= Andrea Holmes =

Canadian Paralympic alpine skier (born 1982)

Andrea Holmes (born 3 January 1982) is a former Canadian Paralympic athlete, para-athlete in long jump, alpine ski, 100m run and high jump, and a Paralympic torchbearer.

==History==
Holmes wears a prosthetic on her left leg. She was born with fibular hemimelia and her parents chose to amputate her left foot, so that she could have a more active lifestyle.

As an athlete, she represented Canada from 2002 to 2007, winning a bronze medal for long jump at the Para-Pan American Games in 2007. She was also part of the BC Para-Alpine ski team, and placed third in 2008 in alpine.

She has been the Canadian long jump champion four times, the 100m champion three times and holds a Canadian record in high jump.

She is the subject of Coni Martin's short documentary My Favourite Leg, which was shown at the Vancouver International Women in Film Festival and Langara College's Just Film Festival.
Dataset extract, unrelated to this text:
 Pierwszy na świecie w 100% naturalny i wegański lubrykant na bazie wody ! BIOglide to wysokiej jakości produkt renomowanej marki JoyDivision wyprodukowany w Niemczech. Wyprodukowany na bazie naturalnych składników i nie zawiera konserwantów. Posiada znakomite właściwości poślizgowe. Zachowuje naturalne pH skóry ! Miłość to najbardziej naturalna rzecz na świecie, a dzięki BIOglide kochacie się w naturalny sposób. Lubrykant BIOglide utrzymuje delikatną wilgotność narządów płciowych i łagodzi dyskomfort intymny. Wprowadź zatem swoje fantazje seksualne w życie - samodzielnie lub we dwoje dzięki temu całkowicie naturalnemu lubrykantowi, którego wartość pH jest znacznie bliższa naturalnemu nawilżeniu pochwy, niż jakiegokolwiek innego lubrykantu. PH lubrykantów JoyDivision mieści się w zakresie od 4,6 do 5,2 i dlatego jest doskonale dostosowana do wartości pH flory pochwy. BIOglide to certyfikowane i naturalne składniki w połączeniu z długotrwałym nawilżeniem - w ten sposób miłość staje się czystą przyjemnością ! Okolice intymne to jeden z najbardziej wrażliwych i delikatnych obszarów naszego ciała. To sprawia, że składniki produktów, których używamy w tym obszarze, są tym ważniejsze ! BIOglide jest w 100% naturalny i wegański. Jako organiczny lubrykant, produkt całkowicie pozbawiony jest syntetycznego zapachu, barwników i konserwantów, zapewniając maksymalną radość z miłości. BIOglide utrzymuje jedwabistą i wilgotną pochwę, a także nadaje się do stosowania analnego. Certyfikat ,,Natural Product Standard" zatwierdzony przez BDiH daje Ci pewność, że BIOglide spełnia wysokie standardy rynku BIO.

The film premiered at the United Nations Headquarters in New York City as part of the United Nations Enable Film Festival.
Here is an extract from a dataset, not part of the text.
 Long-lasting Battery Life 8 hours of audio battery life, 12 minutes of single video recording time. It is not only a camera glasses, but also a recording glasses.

She was also a Paralympic torchbearer.

Her coach was Victoria-based Ron Parker.

Holmes completed a degree in International Business at the University of Victoria. After the 2010 Paralympics, Holmes retired from competition and became a banker, having taken part in the RBC Olympian program. She has a daughter.

She has several prosthetic legs—for running, swimming, dress and everyday use.